03 July, 2011

Stories for Sendai Blog Tour: J. C. Martin On The Effects of the Japanese Earthquake and Tsunami

Today it is my honor to announce that I have a guest post by J. C. Martin, as part of the Stories for Sendai Blog Tour!

Stories for Sendai is an anthology of stories by twenty authors, and all proceeds will be donated to charity to help those affected by the Japanese earthquake and tsunami. To find out more, go visit their site.

And now, the guest post:


I’d like to thank the Golden Eagle for hosting me up here in her aerie! If you enjoy this
post, then please follow the rest of the Stories for Sendai Blog Tour de Force: check out the schedule here!
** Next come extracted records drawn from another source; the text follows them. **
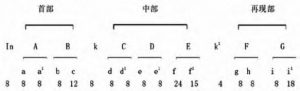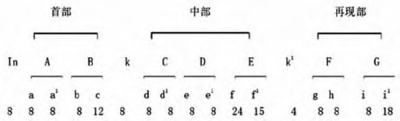从曲式结构看,《幽草》一共有三个部分:第一部分由引子引入,主要使用了下行音列及属和弦元素。下行音列元素在引子中出现了两次,有突出强调、加深旋律影响的作用。属和弦的运用为第一乐段的引入做了必要的和声准备(此处为属主呼应)。第一段主要由两个乐句构成,两个乐句长度都为8小节,第二乐句在保持第一乐句节奏的基础上进行了音程变化,使旋律稳中求变,巧妙地进行发展。第二乐段两个乐句头部材料都源于第一乐句材料:第一乐句主要使用第1—2小节节奏进行展开,第二乐句主要采用第3—4小节下行音列进行展开。值得一提的是,虽然第二段头部材料源于第一段,但第二段加入了新的音乐元素,如前十六后八节奏,与第一段形成了对比。第二部分主要由间奏和三个乐段构成,间奏主要采用两次反复构成(第一次为原样反复,第二次为低八度反复),并用音阶上行顺利引出下一个乐段。三个乐段材料完全不同,为并列的单三部曲式。第三部分两个乐段材料为新材料,两个乐段形成了对比。因此,此曲为并列性的复三部曲式结构。曲式结构如图1。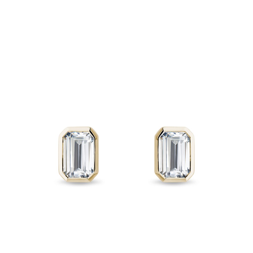 Élégantes boucles d'oreilles en or jaune 14 carats ornées de diamants de synthèse dans une taille émeraude et montés dans un serti clos. Cette combinaison leur confère un éclat magnifique tout en étant agréables à porter au quotidien. Il s'agit d'un bijou intemporel qui convient aux femmes de tous âges.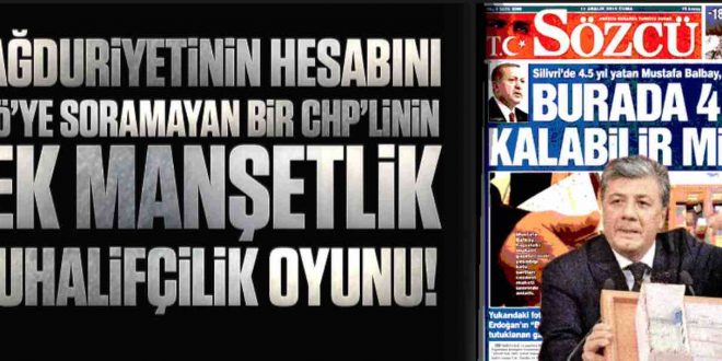 Sözcü bugün de yapacağını yapmış abuk-sabuk manşetlerinden birine daha imza atmış. “Silivri’de 4.5 yıl yatan Mustafa Balbay Erdoğan’a sordu: Burada 4 gün kalabilir misin?”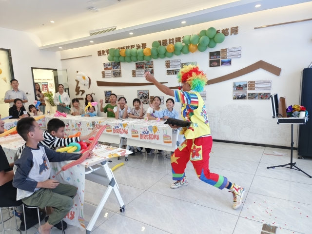 活动伊始,新疆来深交流干部为亲子家庭带来一支充满异域风情的舞蹈--《美丽新疆》,那热情奔放的舞步,瞬间将现场气氛点燃。舞蹈结束后,干部还与亲子们展开了有趣的互动,互学彼此的语言,让大家感受到了不同民族文化碰撞所产生的奇妙火花。随后,小丑表演者为亲子们带来了精彩绝伦的魔术表演,五颜六色的气球在他的手中仿佛被赋予了生命,眨眼间就变成了可爱的造型,引得孩子们阵阵欢呼。他滑稽的动作和丰富的表情更是让现场充满了欢声笑语,家长们也被这欢乐的氛围所感染,纷纷绽放出灿烂的笑容。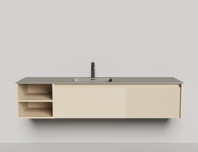 Наполнение для тумбы включает: блоки ячеек для тумб, коврики и комплект внутренней подсветки, которые помогут организовать пространство и создать более удобный доступ к вещам.Тумба DOMINO, дополненная столешницей COSTA из каменного литья S-Stone, гарантирует практичность и простоту ухода.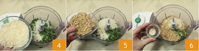 Luego añade el queso rallado 4, los piñones 5 y también el diente de ajo previamente cortado por la mitad y sin el germen 6,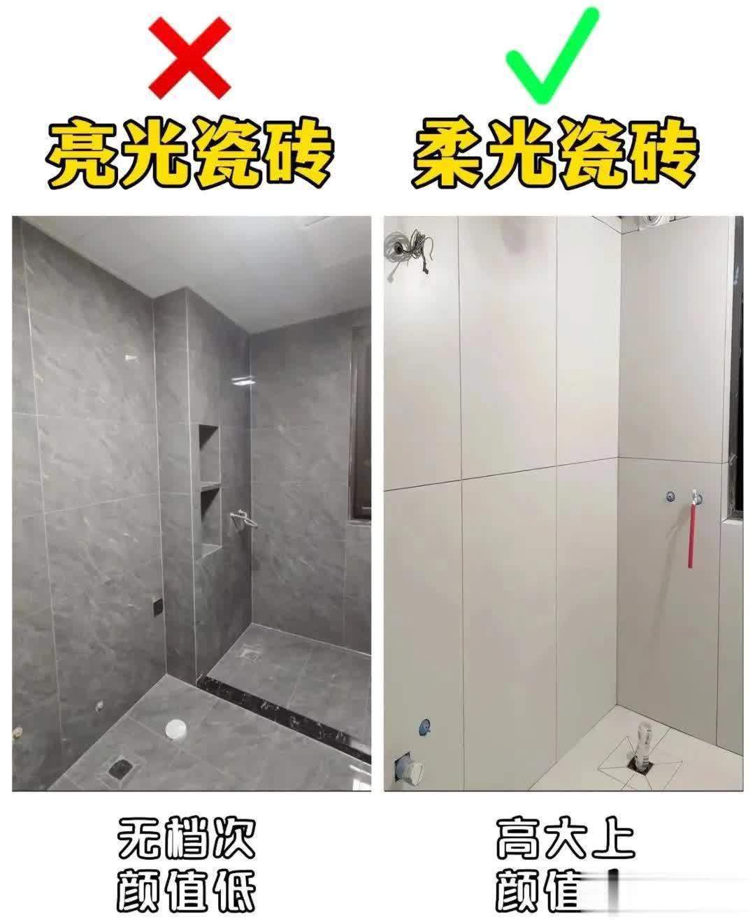 7. 亮光瓷砖❌ vs 柔光瓷砖✅土味瞬间:亮光瓷砖像贴了镜子!灯光一照全是倒影,人影晃来晃去眼都花了,low到像公共厕所!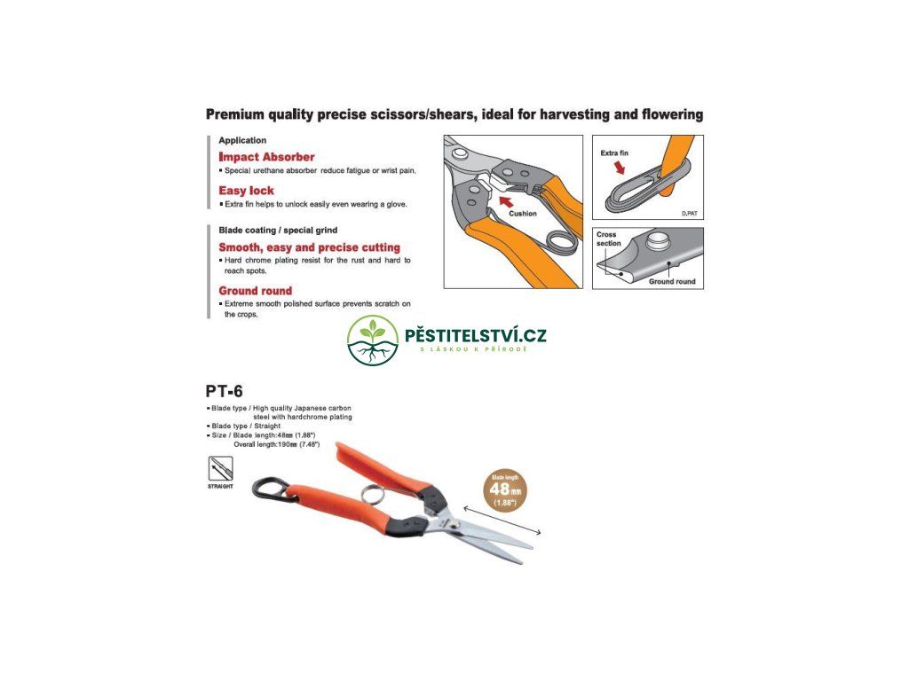 Rovné nůžky Saboten Harvest Shears 48 mm blades mají čepele z kvalitní japonské karbonové oceli potažené chromovanou vrstvou. Čepele jsou dlouhé 48 mm, celé nůžky 19 cm.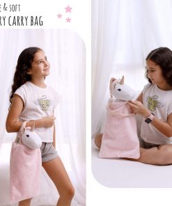 La bolsa rosa peluda agrega un elemento práctico a todo este set. Es lo suficientemente grande como para llevar la muñeca unicornio, su ropa y accesorios, con mucho espacio para guardar otras divertidas actividades. Ideal para usar en casa o fuera de ella.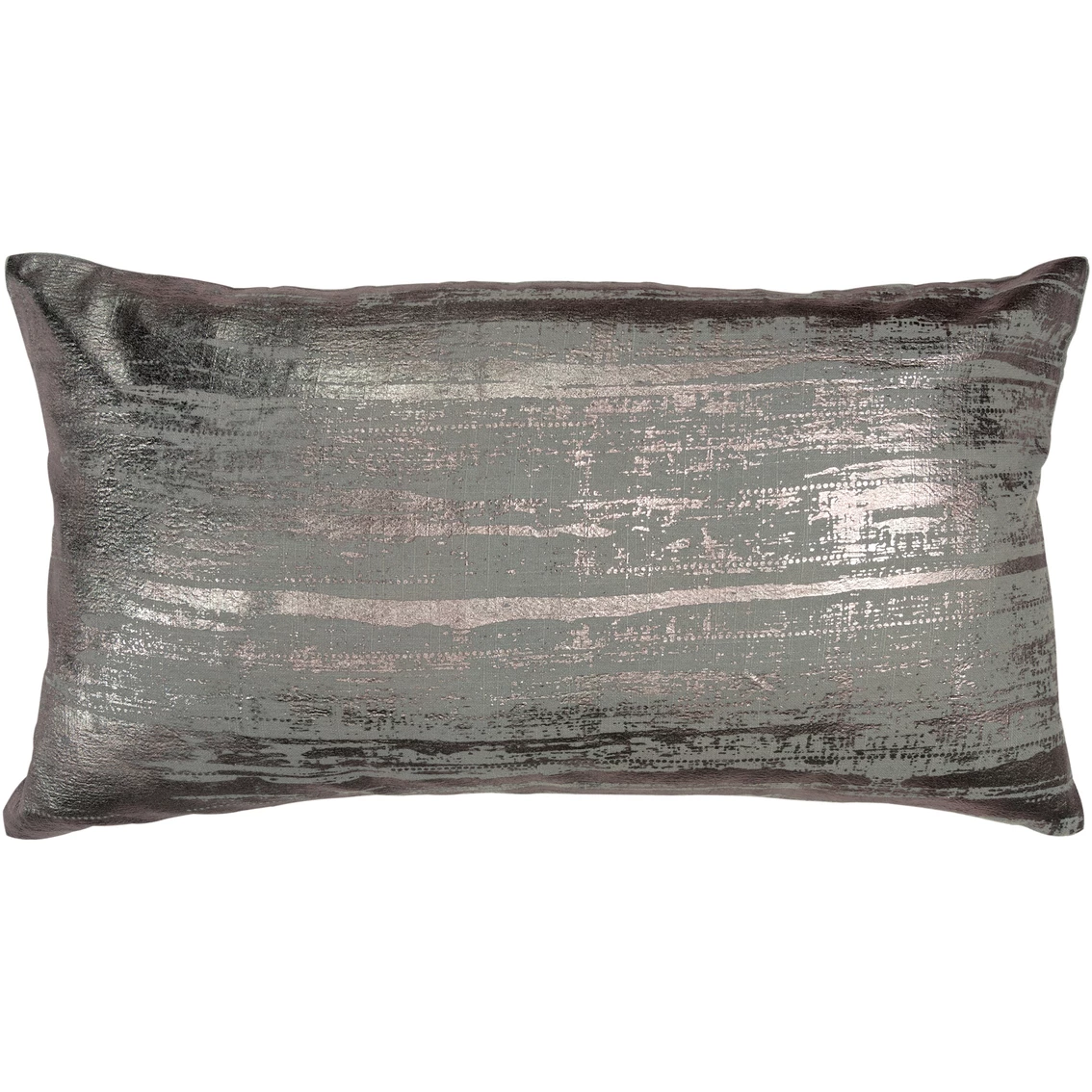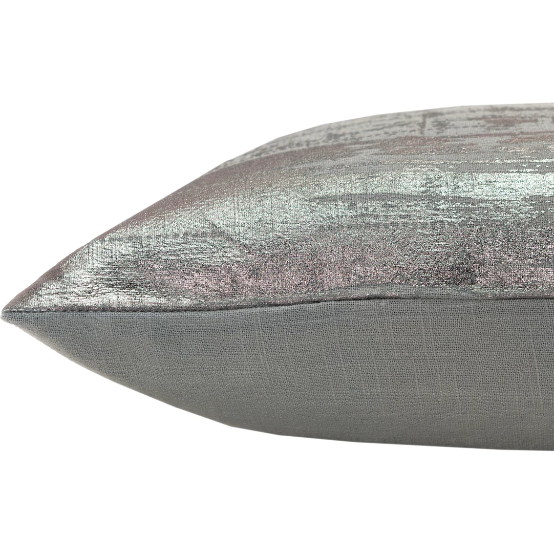This Rizzy Home pillow features a horizontal dry brush stroke pattern in silver foil print. The silver cotton slub on which this pattern is printed gives it a slightly nubby texture yielding a slightly distress printed appearance. Knife edged, this pillow features a coordinating solid back with a hidden zipper closure for ease of fill. Style: PILT16561GY001426.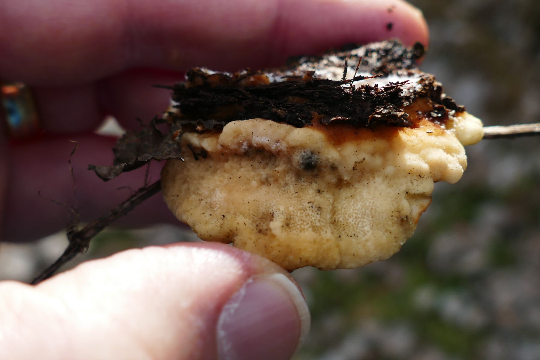 Als ich ihn vom Holz rupfte, war der Pilz noch elastisch.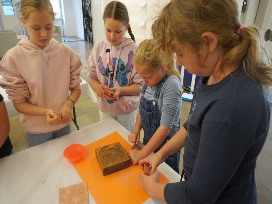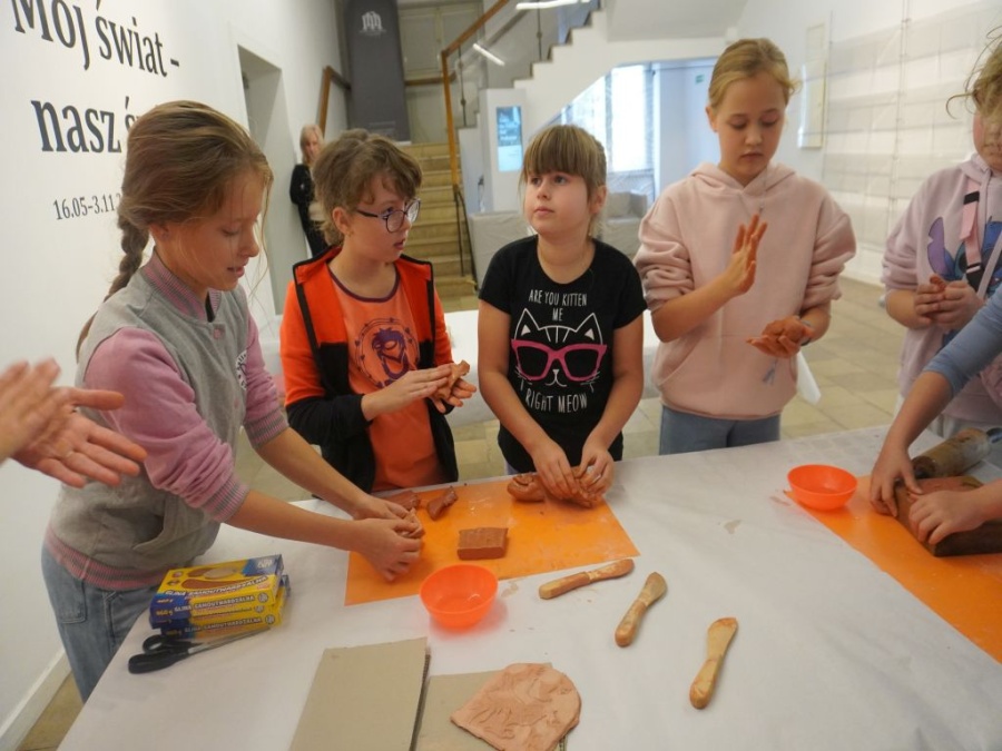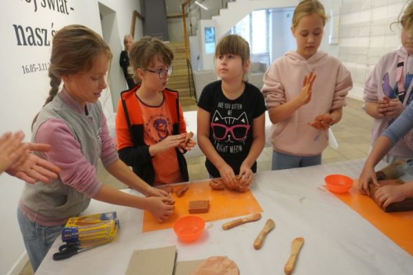 Lekcja była również inspiracją do rozwijania swoich talentów w trójwymiarze, a także momentem zatrzymania przy fakturach różnych materiałów plastycznych. Uczestniczki modelowały w folii aluminiowej i tworzyły prace w glinie.

The Golden Eagle asked me a very interesting question: how did the earthquake and tsunami
in Japan affect me personally? Well, to be perfectly honest, it didn’t—at least, not directly!

I was born in Malaysia, spending the first eighteen years of my life there, and whilst I’ve
been living in the UK for more than ten years now, my parents and most of my family are
still based in Malaysia. I am still proud to call myself a true Malaysian, one who adores
food, particularly satay and roti canai, and I feel especially patriotic whenever our legendary
badminton team kick a** in international tournaments and events!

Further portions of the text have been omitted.